In New York Times Co. v. United States (1971), the court upheld the Near precedent and ruled that publication of the Pentagon Papers could resume because the national-security implications were not serious enough to warrant censorship — although a majority suggested that they might be serious to justify post-publication prosecution, as my friend and occasional collaborator Harvey Silverglate has shown.

In Trumpworld, the revelations of Michael Cohen, John Bolton and Mary Trump are so horrifying that they justify being repressed even more than the Pentagon Papers, the government’s secret history of the Vietnam War. Yet as President Richard Nixon argued at the time, the Pentagon Papers really did undermine the war effort. Today’s revelations have resulted only in embarrassment to the president.

And it continues. Last week The New York Times reported that Immigration and Customs Enforcement was blocking the release of a Netflix documentary that depicts the agency’s abuse and mockery of immigrants. The filmmakers, Shaul Schwarz and Christina Clusiau, said they’d been told that objections to their work extended “all the way to the top.”

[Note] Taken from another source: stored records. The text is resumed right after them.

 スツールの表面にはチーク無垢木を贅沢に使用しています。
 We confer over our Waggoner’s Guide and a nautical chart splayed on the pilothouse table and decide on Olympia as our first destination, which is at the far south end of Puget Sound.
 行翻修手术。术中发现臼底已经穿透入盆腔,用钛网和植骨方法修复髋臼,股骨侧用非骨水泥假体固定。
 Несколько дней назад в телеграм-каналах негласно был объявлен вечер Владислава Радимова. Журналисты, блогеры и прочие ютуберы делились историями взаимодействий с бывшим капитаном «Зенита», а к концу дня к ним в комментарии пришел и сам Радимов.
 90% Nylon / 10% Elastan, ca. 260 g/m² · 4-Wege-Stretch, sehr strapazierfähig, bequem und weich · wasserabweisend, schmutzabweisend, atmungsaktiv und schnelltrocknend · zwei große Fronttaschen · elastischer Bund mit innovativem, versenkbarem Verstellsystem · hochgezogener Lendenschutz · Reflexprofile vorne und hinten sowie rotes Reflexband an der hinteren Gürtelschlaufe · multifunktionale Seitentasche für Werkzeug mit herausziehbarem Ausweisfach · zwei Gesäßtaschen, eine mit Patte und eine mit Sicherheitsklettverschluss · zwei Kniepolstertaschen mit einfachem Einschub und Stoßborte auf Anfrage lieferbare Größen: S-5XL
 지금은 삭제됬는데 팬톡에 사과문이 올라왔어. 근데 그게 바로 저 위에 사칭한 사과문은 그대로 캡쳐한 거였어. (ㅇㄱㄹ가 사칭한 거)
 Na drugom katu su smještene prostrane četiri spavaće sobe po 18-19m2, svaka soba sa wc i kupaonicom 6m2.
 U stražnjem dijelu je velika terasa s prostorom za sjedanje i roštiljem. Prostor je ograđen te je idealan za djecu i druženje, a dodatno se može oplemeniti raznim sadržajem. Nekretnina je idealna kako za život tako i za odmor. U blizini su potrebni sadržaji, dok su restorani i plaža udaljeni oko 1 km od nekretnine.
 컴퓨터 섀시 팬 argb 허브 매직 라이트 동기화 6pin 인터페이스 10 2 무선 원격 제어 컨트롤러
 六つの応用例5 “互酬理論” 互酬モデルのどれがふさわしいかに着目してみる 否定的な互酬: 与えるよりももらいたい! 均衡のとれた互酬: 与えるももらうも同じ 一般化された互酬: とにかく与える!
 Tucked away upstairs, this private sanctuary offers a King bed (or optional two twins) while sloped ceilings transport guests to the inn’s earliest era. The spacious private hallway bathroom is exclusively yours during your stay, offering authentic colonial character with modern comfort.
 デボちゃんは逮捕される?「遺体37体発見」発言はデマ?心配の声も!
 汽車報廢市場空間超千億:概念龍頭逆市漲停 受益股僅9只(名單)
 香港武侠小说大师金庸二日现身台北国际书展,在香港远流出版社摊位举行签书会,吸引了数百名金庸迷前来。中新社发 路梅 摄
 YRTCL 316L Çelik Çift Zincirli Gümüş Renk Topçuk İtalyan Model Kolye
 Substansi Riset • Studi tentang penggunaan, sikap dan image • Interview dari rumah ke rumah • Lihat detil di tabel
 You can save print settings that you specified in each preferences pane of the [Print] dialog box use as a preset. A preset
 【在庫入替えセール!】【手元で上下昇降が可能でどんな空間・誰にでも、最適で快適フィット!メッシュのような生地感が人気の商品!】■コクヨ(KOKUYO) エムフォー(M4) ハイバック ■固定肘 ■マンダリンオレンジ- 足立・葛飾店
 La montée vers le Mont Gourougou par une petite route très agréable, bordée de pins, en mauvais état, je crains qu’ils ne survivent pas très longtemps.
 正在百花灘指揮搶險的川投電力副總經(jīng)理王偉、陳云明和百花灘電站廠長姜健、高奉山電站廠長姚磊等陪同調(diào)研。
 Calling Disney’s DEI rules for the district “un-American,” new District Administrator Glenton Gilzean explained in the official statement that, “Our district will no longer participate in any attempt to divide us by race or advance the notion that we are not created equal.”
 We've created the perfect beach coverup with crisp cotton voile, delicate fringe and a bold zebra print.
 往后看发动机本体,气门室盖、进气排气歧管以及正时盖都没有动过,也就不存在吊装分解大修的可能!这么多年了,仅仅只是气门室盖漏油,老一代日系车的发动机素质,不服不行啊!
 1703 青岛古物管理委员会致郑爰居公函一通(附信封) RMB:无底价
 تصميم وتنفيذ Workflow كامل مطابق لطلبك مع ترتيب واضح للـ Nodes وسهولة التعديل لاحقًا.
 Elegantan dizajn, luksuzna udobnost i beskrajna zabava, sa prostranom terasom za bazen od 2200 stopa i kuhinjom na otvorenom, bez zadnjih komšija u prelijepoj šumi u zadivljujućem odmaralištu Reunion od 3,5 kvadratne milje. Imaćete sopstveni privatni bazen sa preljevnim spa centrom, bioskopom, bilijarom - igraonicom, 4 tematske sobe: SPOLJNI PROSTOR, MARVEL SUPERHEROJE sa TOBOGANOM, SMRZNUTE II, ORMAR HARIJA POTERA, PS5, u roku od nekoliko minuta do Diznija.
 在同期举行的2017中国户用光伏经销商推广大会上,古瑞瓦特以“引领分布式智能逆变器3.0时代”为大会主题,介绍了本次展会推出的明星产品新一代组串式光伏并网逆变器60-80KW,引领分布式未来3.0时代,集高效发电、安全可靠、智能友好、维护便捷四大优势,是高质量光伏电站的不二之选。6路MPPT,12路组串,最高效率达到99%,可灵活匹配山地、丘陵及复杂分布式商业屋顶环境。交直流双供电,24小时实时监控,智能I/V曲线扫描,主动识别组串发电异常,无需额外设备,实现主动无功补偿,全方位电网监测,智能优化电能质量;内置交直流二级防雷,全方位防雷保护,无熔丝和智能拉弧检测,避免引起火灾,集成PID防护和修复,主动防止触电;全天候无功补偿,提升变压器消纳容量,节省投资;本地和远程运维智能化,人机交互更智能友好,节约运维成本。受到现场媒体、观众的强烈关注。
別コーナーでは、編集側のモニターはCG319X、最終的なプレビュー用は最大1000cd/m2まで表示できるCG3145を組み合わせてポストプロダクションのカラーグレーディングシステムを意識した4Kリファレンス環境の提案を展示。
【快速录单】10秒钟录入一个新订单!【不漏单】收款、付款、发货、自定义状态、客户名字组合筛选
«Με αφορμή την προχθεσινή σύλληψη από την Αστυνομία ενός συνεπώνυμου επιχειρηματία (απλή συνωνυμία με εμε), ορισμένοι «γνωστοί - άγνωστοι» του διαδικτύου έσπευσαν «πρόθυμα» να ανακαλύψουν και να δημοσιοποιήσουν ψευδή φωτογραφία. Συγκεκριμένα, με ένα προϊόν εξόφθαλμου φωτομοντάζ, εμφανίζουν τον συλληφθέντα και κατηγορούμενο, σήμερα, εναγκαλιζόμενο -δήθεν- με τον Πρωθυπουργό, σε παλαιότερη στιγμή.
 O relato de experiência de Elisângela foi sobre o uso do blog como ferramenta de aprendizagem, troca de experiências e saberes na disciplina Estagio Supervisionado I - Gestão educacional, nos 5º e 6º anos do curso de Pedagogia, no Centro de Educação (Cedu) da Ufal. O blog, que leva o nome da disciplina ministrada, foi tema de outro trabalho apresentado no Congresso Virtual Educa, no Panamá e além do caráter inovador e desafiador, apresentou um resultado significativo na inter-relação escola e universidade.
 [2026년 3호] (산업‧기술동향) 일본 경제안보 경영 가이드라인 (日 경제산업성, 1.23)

Unfortunately, Schwarz and Clusiau had signed an agreement granting approval rights to ICE. And though that agreement supposedly included “strong protections for their journalistic independence,” as the Times put it, it’s now being wielded as yet one more way to protect Trump from scrutiny and criticism.

There is a school of thought that Trump’s ranting about the media — calling them “Enemies of the People,” threatening to loosen libel protections and the like — is little more than bluster. His two Supreme Court justices, regardless of what else you might say about them, appear to be as dedicated to protecting the First Amendment as their colleagues. And Trump rarely follows through on his threats.

But there is a connection between his rhetoric and his actions: anyone who speaks against him must be silenced and punished — even jailed and put at risk of death, as with Michael Cohen.

With federal troops cracking down on mostly nonviolent protesters against the wishes of governors and mayors, the scent of authoritarianism is in the air. Will we pay attention? Or will we simply move on to the next outrage, as we have so many times in the past three and a half years?